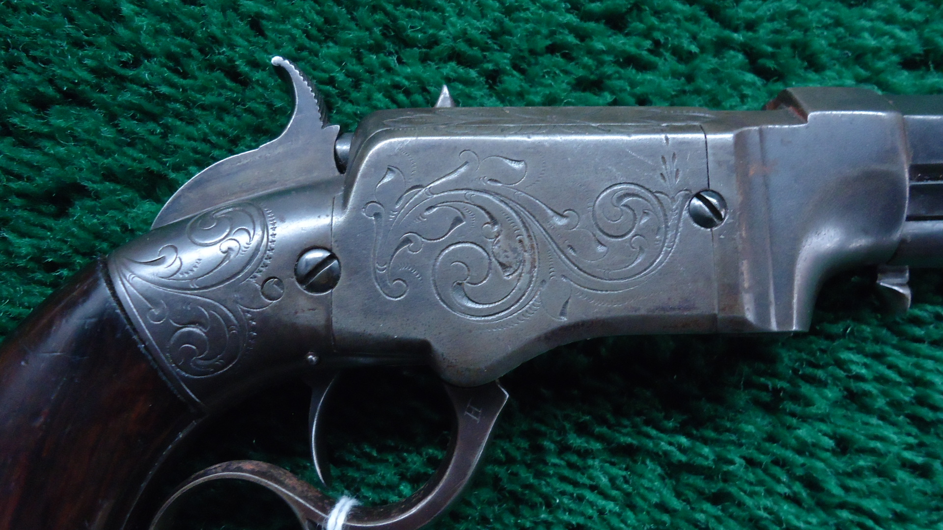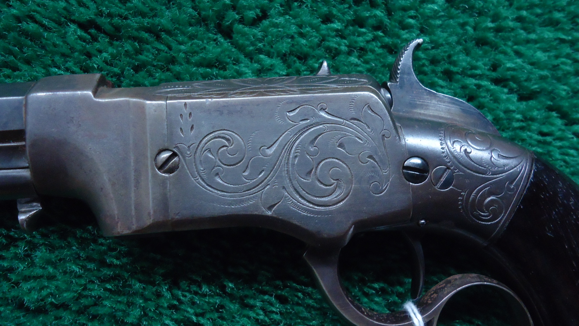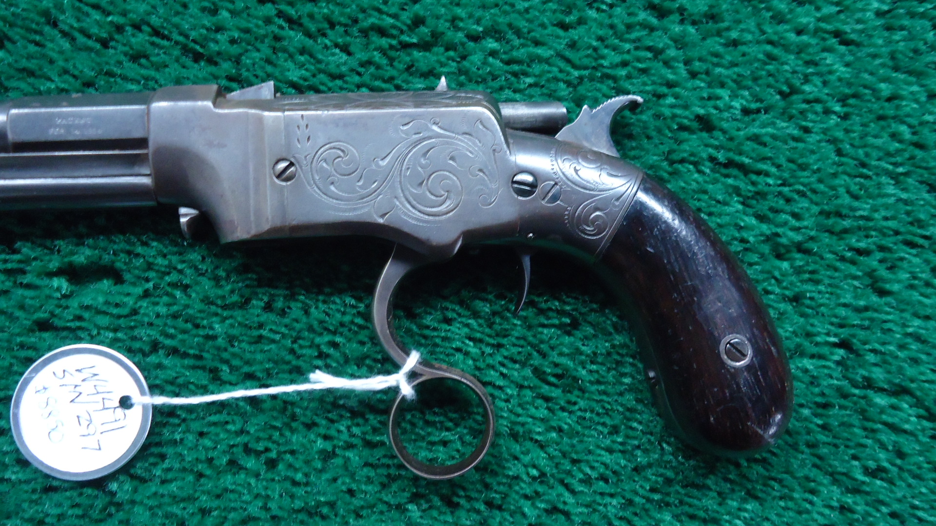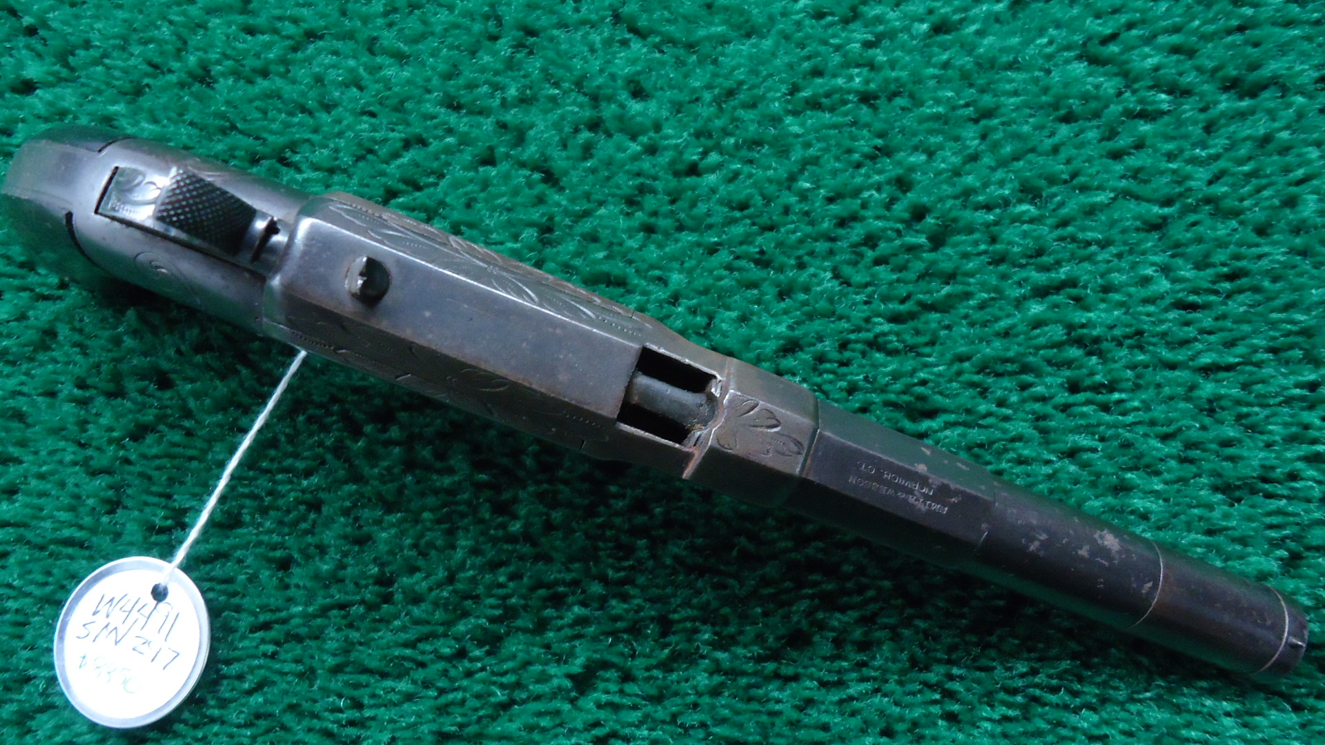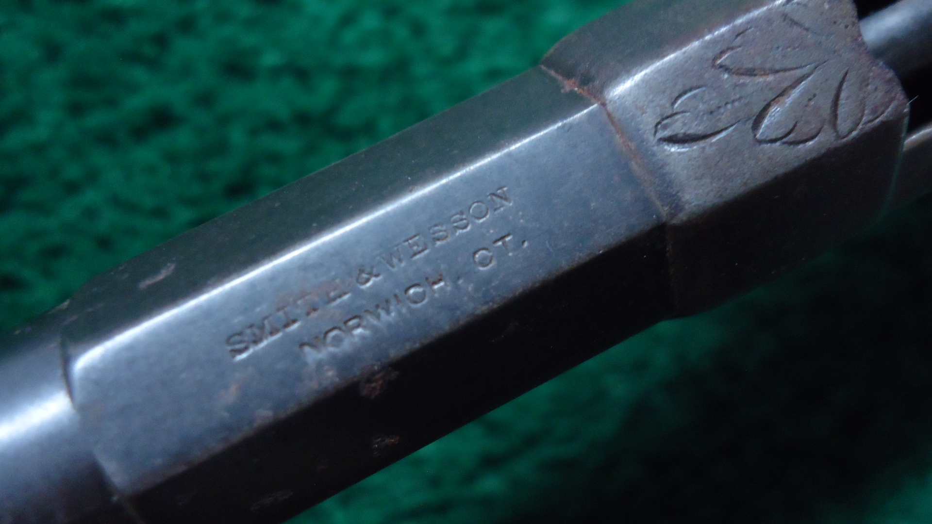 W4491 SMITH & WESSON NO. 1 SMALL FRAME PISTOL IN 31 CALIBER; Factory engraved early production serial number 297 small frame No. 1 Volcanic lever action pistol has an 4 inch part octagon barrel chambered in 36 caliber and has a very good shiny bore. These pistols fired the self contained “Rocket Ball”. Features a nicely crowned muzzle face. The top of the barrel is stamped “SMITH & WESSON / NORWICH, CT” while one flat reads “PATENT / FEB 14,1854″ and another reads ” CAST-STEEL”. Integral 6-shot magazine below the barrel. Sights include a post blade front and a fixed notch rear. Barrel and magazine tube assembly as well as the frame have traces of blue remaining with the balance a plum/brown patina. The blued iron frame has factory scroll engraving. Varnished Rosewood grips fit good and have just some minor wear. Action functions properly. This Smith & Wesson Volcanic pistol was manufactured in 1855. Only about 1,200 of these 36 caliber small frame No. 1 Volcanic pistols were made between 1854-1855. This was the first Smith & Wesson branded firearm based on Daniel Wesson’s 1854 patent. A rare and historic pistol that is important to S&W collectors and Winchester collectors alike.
════════════════════
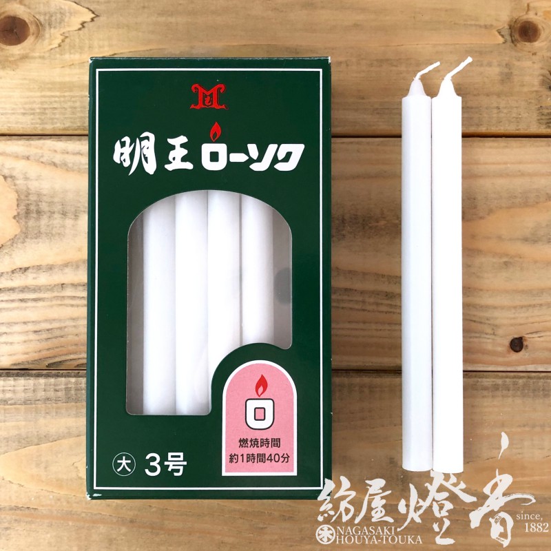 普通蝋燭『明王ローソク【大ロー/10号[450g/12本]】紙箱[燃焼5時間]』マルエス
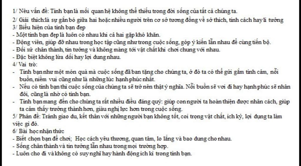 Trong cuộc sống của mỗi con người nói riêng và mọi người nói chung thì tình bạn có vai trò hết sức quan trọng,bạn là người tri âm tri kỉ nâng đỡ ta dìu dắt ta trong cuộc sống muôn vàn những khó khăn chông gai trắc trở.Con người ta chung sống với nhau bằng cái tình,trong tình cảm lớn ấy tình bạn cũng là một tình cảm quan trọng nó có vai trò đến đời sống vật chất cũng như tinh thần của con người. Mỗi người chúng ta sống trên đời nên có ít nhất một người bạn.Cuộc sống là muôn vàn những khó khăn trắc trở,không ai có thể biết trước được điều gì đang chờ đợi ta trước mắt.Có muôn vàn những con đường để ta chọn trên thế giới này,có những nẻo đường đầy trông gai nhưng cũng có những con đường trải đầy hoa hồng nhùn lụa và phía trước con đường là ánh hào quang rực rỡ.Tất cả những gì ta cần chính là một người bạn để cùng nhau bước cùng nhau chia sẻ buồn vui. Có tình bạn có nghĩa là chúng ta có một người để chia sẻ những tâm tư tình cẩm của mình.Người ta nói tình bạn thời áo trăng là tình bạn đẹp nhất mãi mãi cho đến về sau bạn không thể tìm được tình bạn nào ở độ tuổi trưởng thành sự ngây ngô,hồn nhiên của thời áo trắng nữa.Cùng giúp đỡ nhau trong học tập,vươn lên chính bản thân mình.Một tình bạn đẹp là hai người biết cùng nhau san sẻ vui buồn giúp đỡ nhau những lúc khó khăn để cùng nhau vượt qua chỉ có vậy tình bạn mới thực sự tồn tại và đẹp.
════════════════════
## What you should do
Above are the records; please give again, exactly and in full, only the lines that run from the line with "普通蝋燭『明王ローソク【大ロ" through the line with "Trong cuộc sống của", with no pictures.

## Response
 普通蝋燭『明王ローソク【大ロー/10号[450g/12本]】紙箱[燃焼5時間]』マルエス
 Trong cuộc sống của mỗi con người nói riêng và mọi người nói chung thì tình bạn có vai trò hết sức quan trọng,bạn là người tri âm tri kỉ nâng đỡ ta dìu dắt ta trong cuộc sống muôn vàn những khó khăn chông gai trắc trở.Con người ta chung sống với nhau bằng cái tình,trong tình cảm lớn ấy tình bạn cũng là một tình cảm quan trọng nó có vai trò đến đời sống vật chất cũng như tinh thần của con người. Mỗi người chúng ta sống trên đời nên có ít nhất một người bạn.Cuộc sống là muôn vàn những khó khăn trắc trở,không ai có thể biết trước được điều gì đang chờ đợi ta trước mắt.Có muôn vàn những con đường để ta chọn trên thế giới này,có những nẻo đường đầy trông gai nhưng cũng có những con đường trải đầy hoa hồng nhùn lụa và phía trước con đường là ánh hào quang rực rỡ.Tất cả những gì ta cần chính là một người bạn để cùng nhau bước cùng nhau chia sẻ buồn vui. Có tình bạn có nghĩa là chúng ta có một người để chia sẻ những tâm tư tình cẩm của mình.Người ta nói tình bạn thời áo trăng là tình bạn đẹp nhất mãi mãi cho đến về sau bạn không thể tìm được tình bạn nào ở độ tuổi trưởng thành sự ngây ngô,hồn nhiên của thời áo trắng nữa.Cùng giúp đỡ nhau trong học tập,vươn lên chính bản thân mình.Một tình bạn đẹp là hai người biết cùng nhau san sẻ vui buồn giúp đỡ nhau những lúc khó khăn để cùng nhau vượt qua chỉ có vậy tình bạn mới thực sự tồn tại và đẹp.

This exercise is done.